Font Size: a A A

Three essays on financial development, consumption risk sharing and new Keynesian price setting model

Posted on:2012-10-11Degree:Ph.DType:Dissertation
University:Boston UniversityCandidate:Ho, Wai-Yip AlexFull Text:PDF
GTID:1469390011458322Subject:Economics
Abstract/Summary:
This dissertation consists of three chapters on various topics in Macroeconomics.;The first chapter investigates the effects of inflation, accessibility and depth of credit markets on wealth distribution. We find that from 1995 to 2002 in China, the inequality of wealth distribution decreased, the money-wealth ratio increased for all wealth levels and the aggregate money-output ratio increased.

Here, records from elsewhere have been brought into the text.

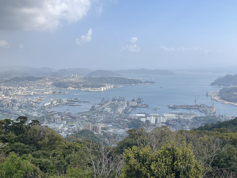 「長崎出島ワープ」から長崎港を挟んで望む「稲佐山」。標高は東京タワーと同じ333m。(2023.3)
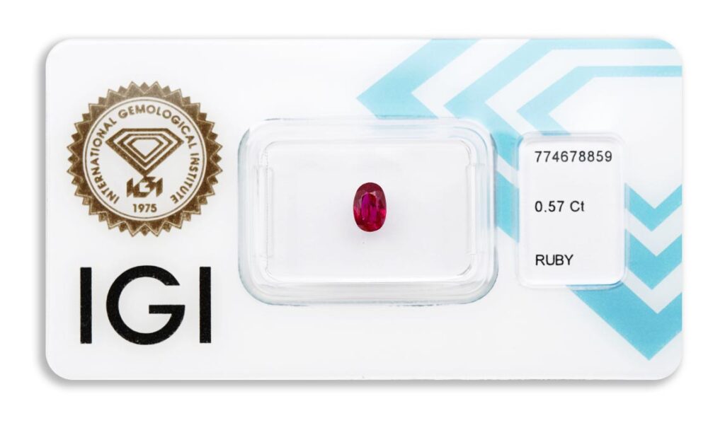 rubín 0.57ct deep pinkish red s IGI certifikátem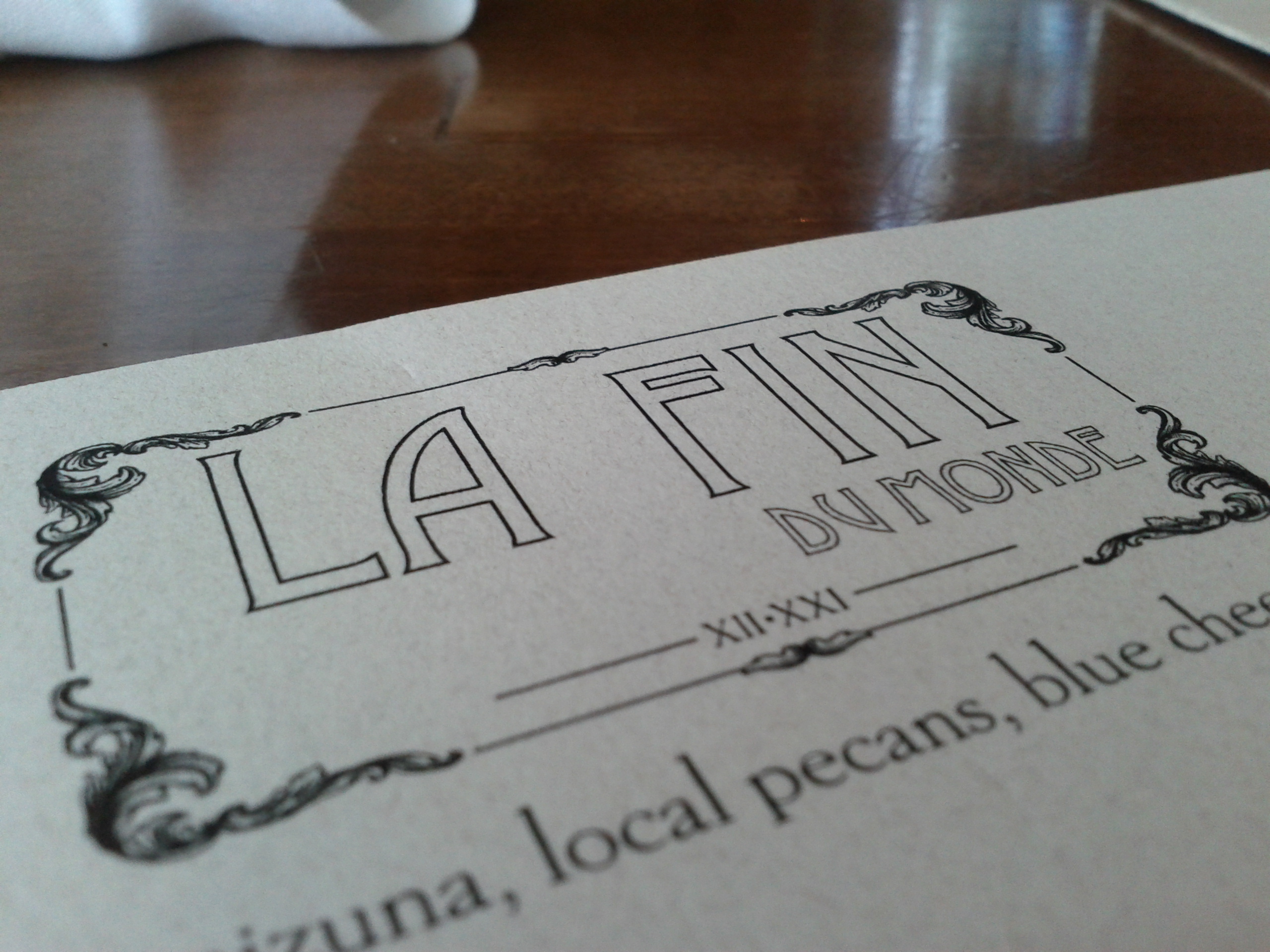 At first, I didn’t notice. I went to the hostess stand, looked around and thought, well, it is a little early for it to be busy. But then it occurred to me: it was already almost 1 pm. Why didn’t I have to wait an hour? And then it hit me — a new name … La Fin du Monde. What? The end of the world?! What happened?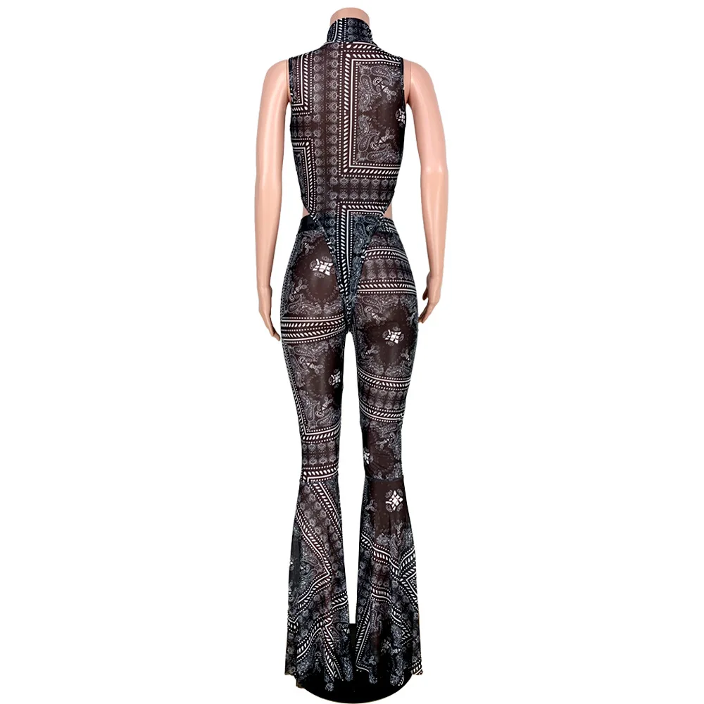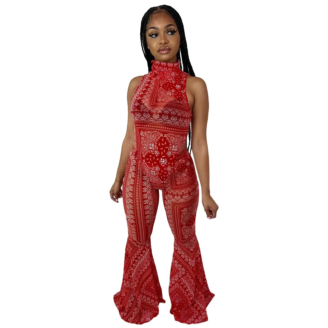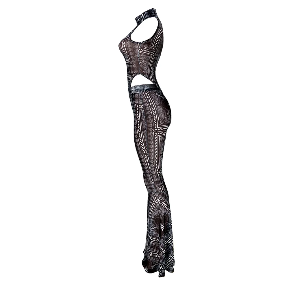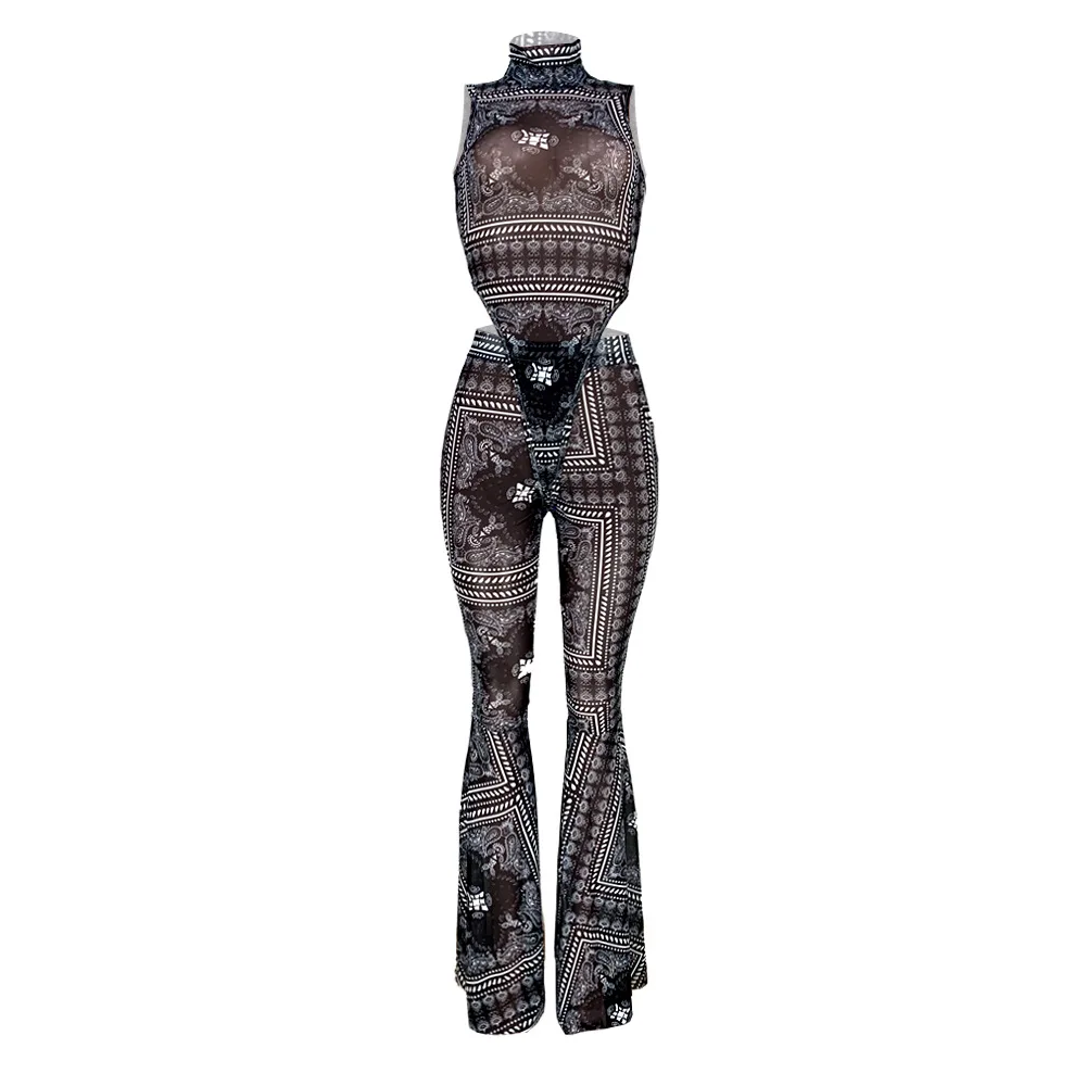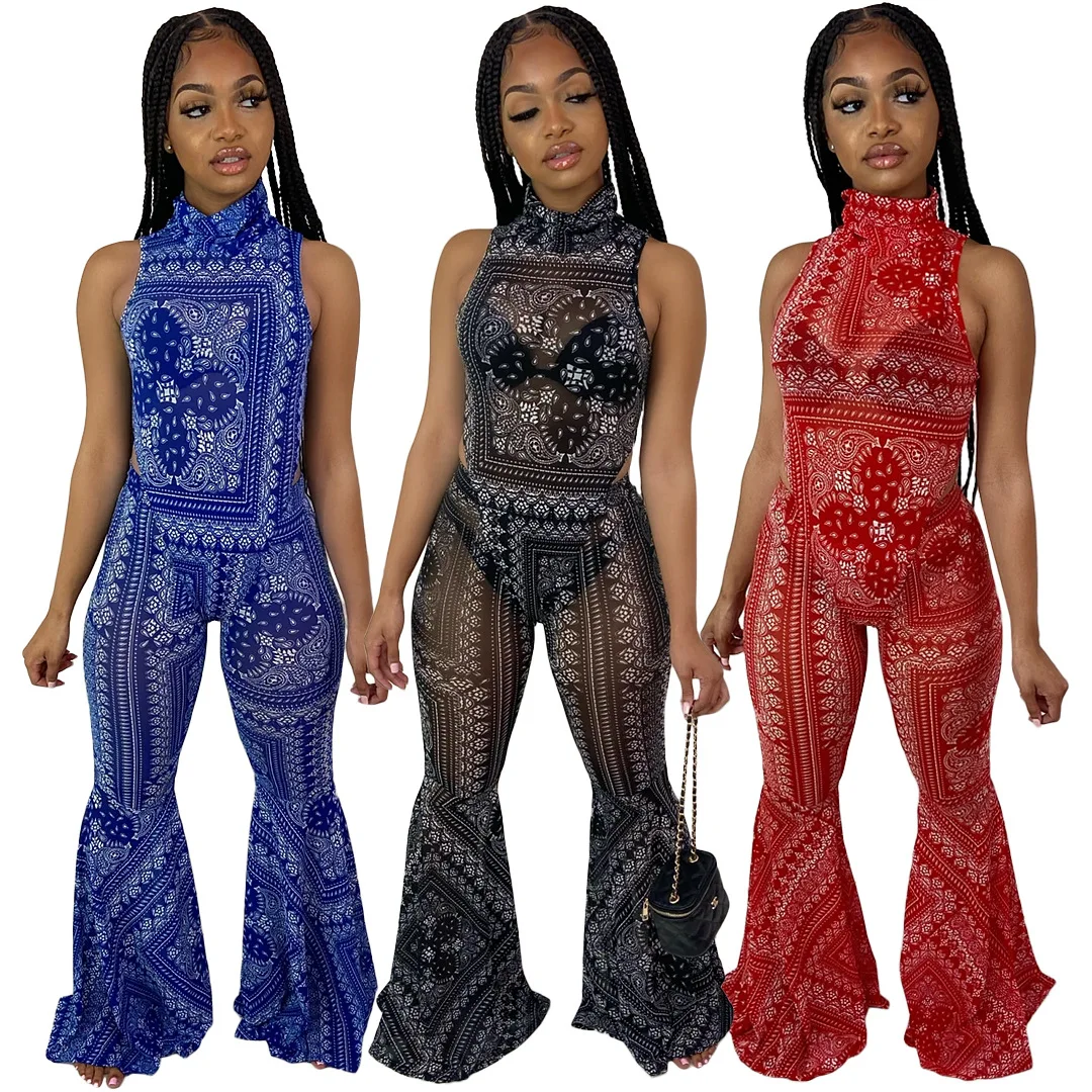 Женский комплект из двух предметов с принтом бандана, сетчатый боди с высоким воротником и расклешенными штанами, сексуальвечерние ный костюм, комплект для фитнеса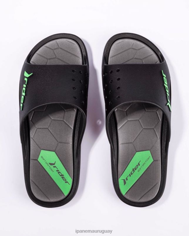 ¡El tobogán Rider Bay ocupa un lugar digno en cada escena del calzado de verano! Esta sandalia liviana está diseñada para ser fácil de usar: puedes ponértelas y pasear sin ninguna preocupación en el mundo. una plantilla texturizada solo aumenta el placer de tu paso de verano. visto aquí en gris negro.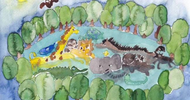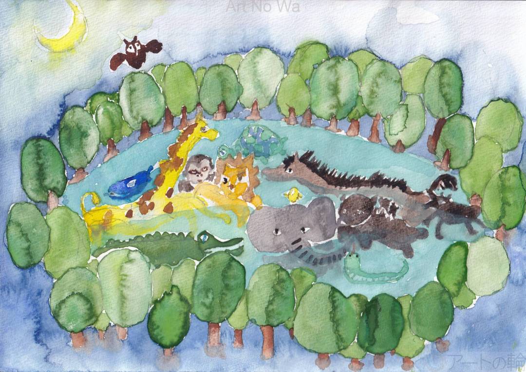 三日月がきれいな夜い、森の泉にたくさんの生き物たちが水浴びにやってきた。静かに、淡々と水中でで佇んでいる。平和な夜の一ページです。水彩絵の具
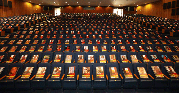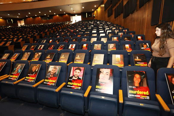 Pictures of over 1,000 persons abducted, missing, or killed in the Hamas attack were displayed on empty seats in the Smolarz Auditorium at Tel Aviv University.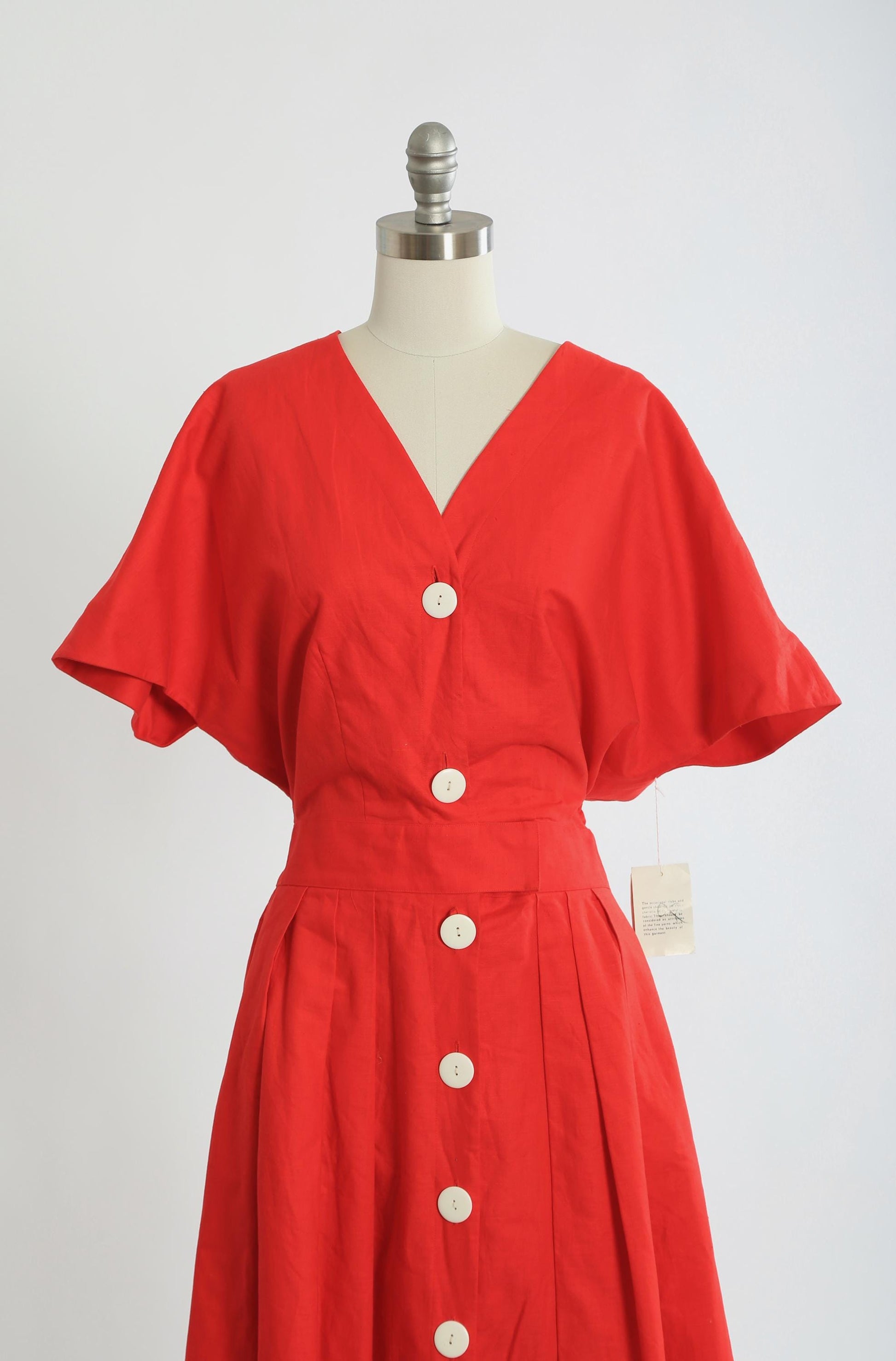 Vintage 1990s Deadstock bright red Ambria linen blend dress

We develop a two-asset dynamic general equilibrium model in which households face a portfolio-adjustment cost and a borrowing constraint. The accessibility and depth are measured by the portfolio-adjustment cost and the borrowing constraint, respectively. Model calibration based on the Chinese data shows that the portfolio-adjustment cost was reduced and the borrowing constraint was relaxed from 1995 to 2002. We find that financial development lowers the inequality of wealth distribution by reducing the precautionary motive of households. In addition, tight monetary policy increases the value of money and, in turn, raises the money-wealth ratio for all wealth levels and the aggregate money-output ratio.;The second chapter examines inter-provincial consumption risk sharing and intertemporal consumption smoothing across Chinese provinces before and after the 1979 economic reform. Our results indicate that the degree of consumption risk sharing among Chinese provinces is lower than that within the U.S. and across the national boundaries of OECD countries. On the other hand, the level of consumption smoothing among Chinese provinces is higher than that across OECD or EU countries, but lower than that in the U.S. Moreover, our results show that consumption risk sharing and smoothing in China have deteriorated since the 1979 economic reform. Finally, we show that eliminating consumption fluctuations yields substantial welfare gains, which suggests that stabilization policies are desirable for China.;The third chapter compares continuous and discrete time sticky price models. For given menu costs, continuous time models imply shorter average contracts but larger real effects of inflation.